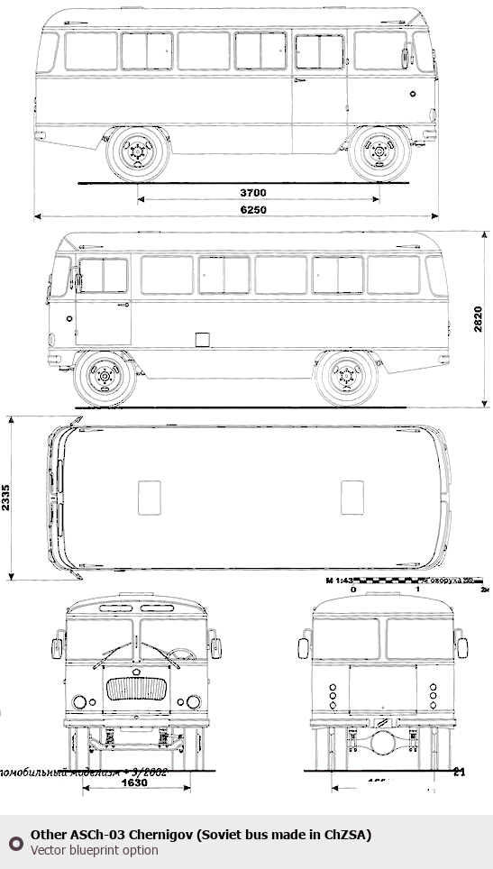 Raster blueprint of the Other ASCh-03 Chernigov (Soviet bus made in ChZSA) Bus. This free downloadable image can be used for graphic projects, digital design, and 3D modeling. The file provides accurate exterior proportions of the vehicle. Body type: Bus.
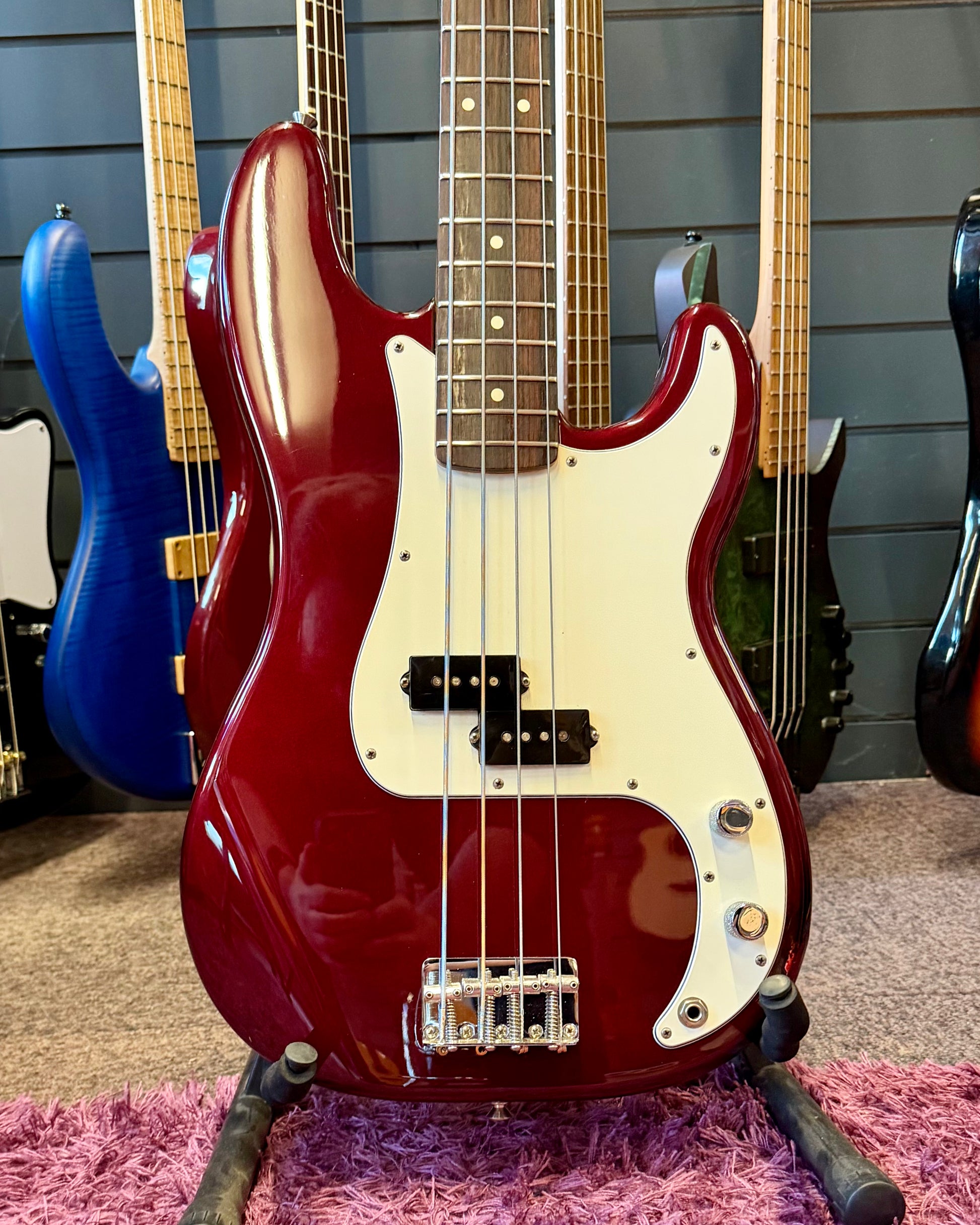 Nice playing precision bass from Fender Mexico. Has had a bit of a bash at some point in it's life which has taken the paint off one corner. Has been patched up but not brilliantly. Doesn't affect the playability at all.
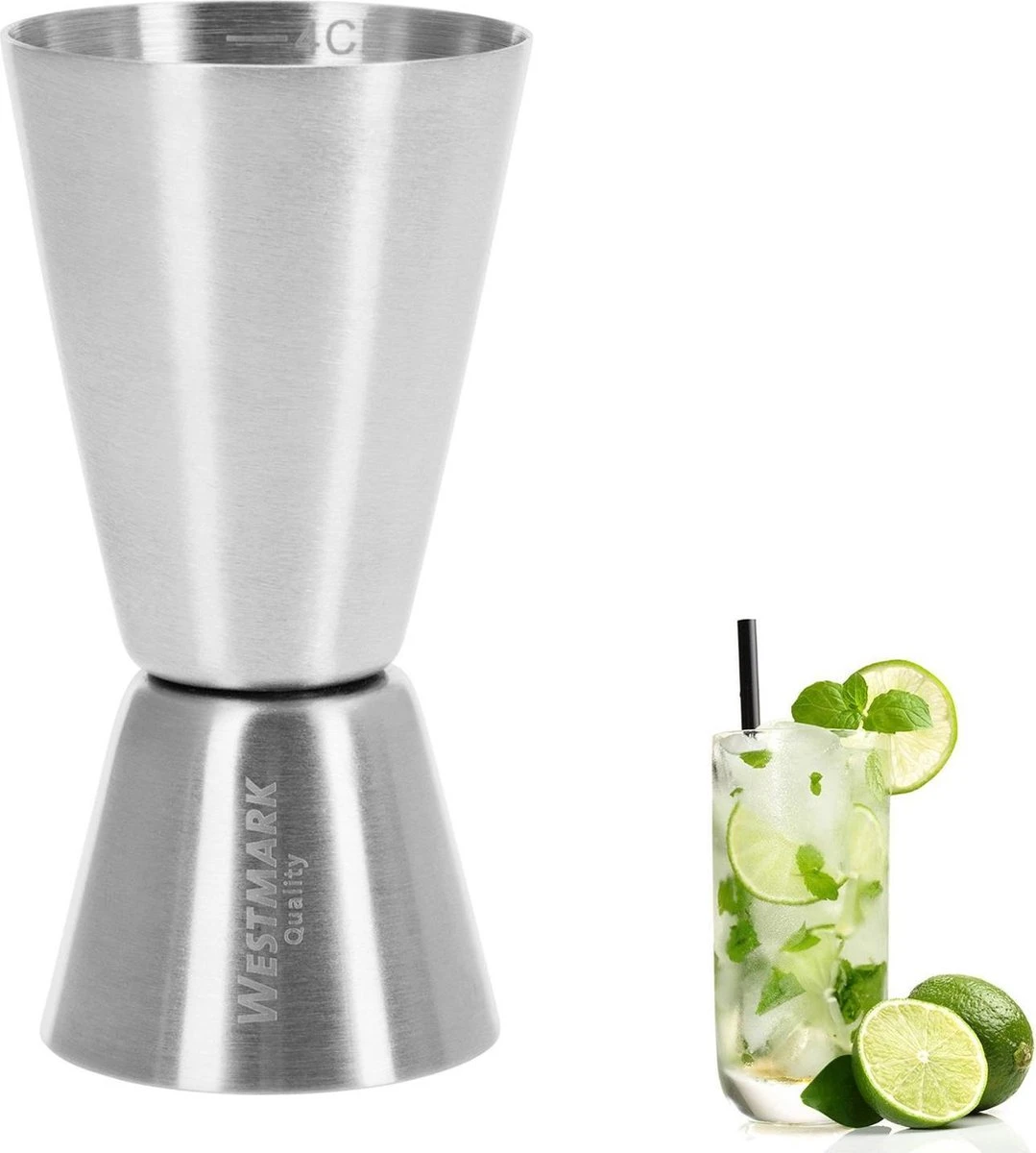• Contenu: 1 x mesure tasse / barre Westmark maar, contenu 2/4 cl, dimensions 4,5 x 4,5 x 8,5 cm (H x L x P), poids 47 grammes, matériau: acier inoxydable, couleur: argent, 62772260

**WHAT YOU HAVE TO DO**
Print the listing above in full, exactly as written. Omit any pictures.

**EXERCISE ANSWER**
 Raster blueprint of the Other ASCh-03 Chernigov (Soviet bus made in ChZSA) Bus. This free downloadable image can be used for graphic projects, digital design, and 3D modeling. The file provides accurate exterior proportions of the vehicle. Body type: Bus.
 Nice playing precision bass from Fender Mexico. Has had a bit of a bash at some point in it's life which has taken the paint off one corner. Has been patched up but not brilliantly. Doesn't affect the playability at all.
• Contenu: 1 x mesure tasse / barre Westmark maar, contenu 2/4 cl, dimensions 4,5 x 4,5 x 8,5 cm (H x L x P), poids 47 grammes, matériau: acier inoxydable, couleur: argent, 62772260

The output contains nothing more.